International protesters in solidarity with George Floyd are forming Black Lives Matter movements to address the colonial heritage of their own countries. In Bristol, UK, protesters tore down & dumped the statue of a trafficker in the Atlantic slave trade. In cities across Belgium, including Brussels, Ghent, & Antwerp, protesters are defacing & torching monuments to King Leopold II who ruled Belgium from 1865 to 1909 & oversaw the colonization of Congo. He is called the ‘monster of the Congo’ because he is responsible for the murder, mutilation, & heinous crimes against up to 15 million Congolese. The 1994 Rwandan genocide where at least a million lost their lives has political roots in the policies of Belgian colonialism.

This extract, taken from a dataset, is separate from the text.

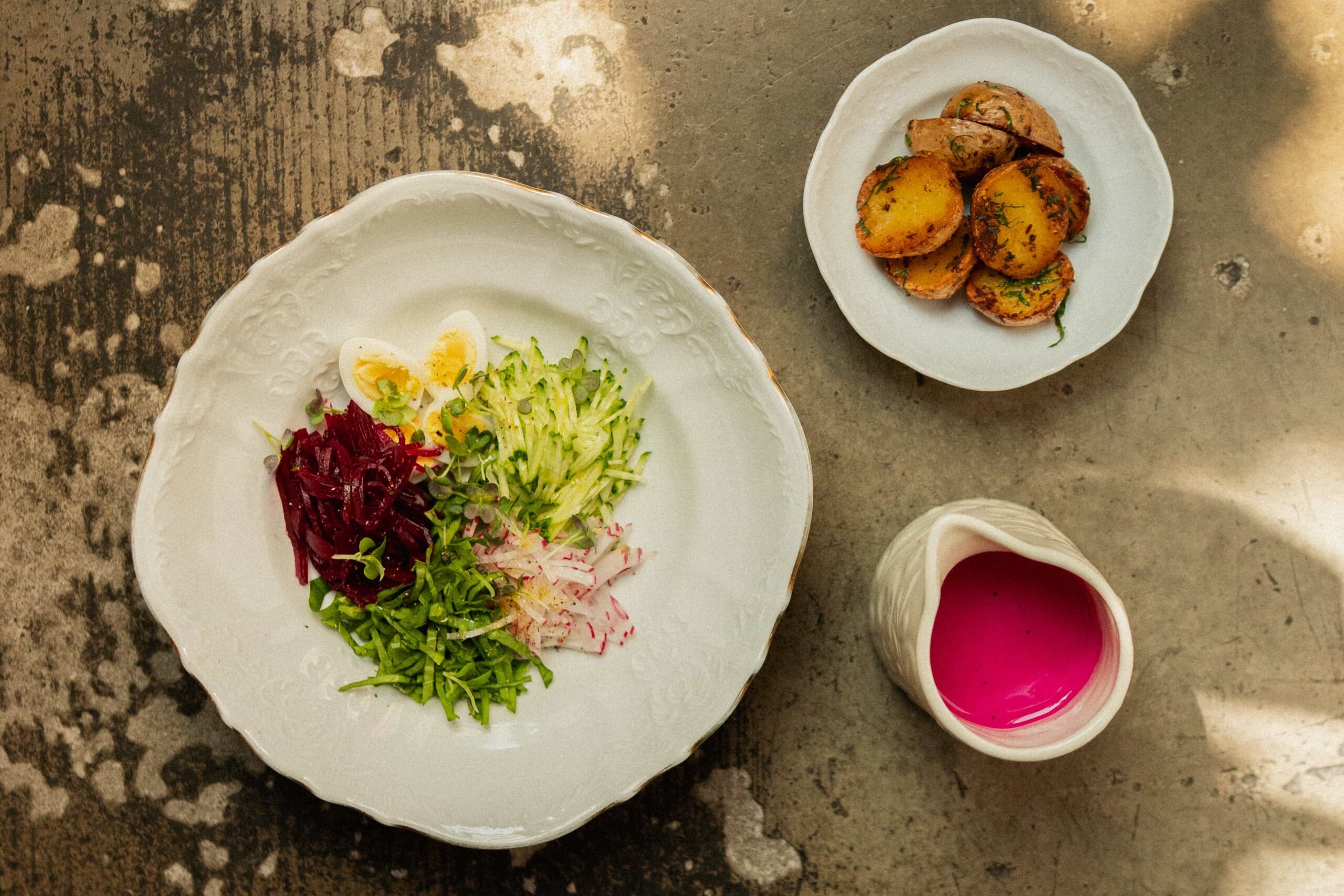 В уютном ресторане-кондитерской на Бауманской добавили в меню яркие блюда и напитки, которые передают атмосферу загородного отдыха и солнечных дней на природе. Бренд-шеф Витторио Чириззи разработал special меню, сохраняя традиции летнего сезона. Бестселлер в жаркую погоду — окрошка (650 руб.) — свежие овощи, нежный картофель-мэш и индейка су-вид сочетаются с двумя вариантами заправки: кефир с мятой или терпкий квас с яичным желтком и сметаной. В меню добавили насыщенный холодный томатный суп (780 руб.) — ароматная сальса верде из зеленых томатов добавляет пикантности и приятного пряного послевкусия. Фаворит бренд-шефа — арбуз и фета (890 руб.) — сладость арбуза, солоноватость сыра, цитрусовые ноты соуса юдзу-понзу и хруст фисташек создают идеальный баланс. Зелёный салат с миксом семечек (830 руб.) — лёгкий, но сытный вариант с медовым дрессингом, свежими овощами и семечками, ставший популярным у гостей Nouge, теперь есть и в Kalabasa. Сочный стейк мачете с мятым картофелем и сальсой верде (2500 руб.) — блюдо, которое будто приготовлено для дружеских посиделок на даче. Мороженое — как неотъемлемый атрибут лета, предлагают трех видов: клубничное, фисташковое и ванильное (350 руб.). Шеф-бармен Максим Артёмов любит работать со вкусами и предлагать гостям самые неожиданные сочетания, которые превращаются в идеально сбалансированные напитки. Например, кисловатый щавель и сладкое киви — в Jade (550 руб.), а синяя матча и кокосовое молоко — в Nami (550 руб.). Барбарис, земляника и шалфей, или ароматный яркий ананас, апельсин и семена чиа, или алоэ и гибискус (каждый по 450 руб.) — три новых авторских чая уже есть в меню.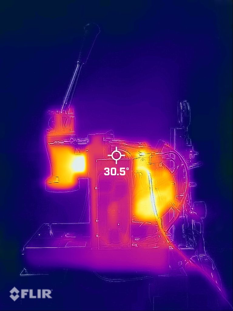 The group, which has a large thermodynamic mass, reaches a thermal equilibrium between the boiler temperature (from 118-130°C) and the ambient temperature of the surrounding environment (20-25°C). The temperature of the group is not uniform, rather it is graduated from hottest, at the point closest to the heat exchanger, to coolest, at the point on the external surface furthest away from the source of heat. At a boiler temperature of 120°C, the temperature of this extremity was measured at 53°C. Thus the channels through which the brew water passes and the brew chamber itself lie somewhere on this thermal gradient. Though difficult to quantify, the average temperature of the group is considerably lower than the generally accepted typical brew temperature of 93°C for espresso. Consequently, the group will draw away some heat from the brew water as it enters the brew chamber. The purpose of this document is to characterize the thermal behavior of the group, i.e. to determine its “thermal signature”, and to measure the offset between boiler temperature and brew temperature “at the puck”, i.e. the temperature of the water that reaches the top surface of the coffee puck during an extraction cycle.

In Brussels, they climbed onto his statue chanting ‘murderer’ & waving the flag of the Democratic Republic of Congo. In Ghent & Antwerp, they defaced a statue of him with red paint & the inscription, “I can’t breath.” Many Belgians have long worked unsuccessfully to get his monuments removed. An online petition his garnering signatures at the rate of 10,000 a day. In the long run this movement will succeed & will replace the statues of the monster colonizer with monuments to Patrice Lumumba who helped lead Congo to independence from Belgium in 1960 & died before a firing squad in 1961 with all evidence pointing to the Belgian government. Lumumba once said, “The day will come when history will speak… Africa will write its own history…it will be a history of glory & dignity.”
These international actions resonate with Black activists & their supporters in the US tearing down statues of Confederate generals in Florida, Virginia, & elsewhere.
This statue of Leopold the monster is in Antwerp after it was set on fire & splashed with pain (June 4th).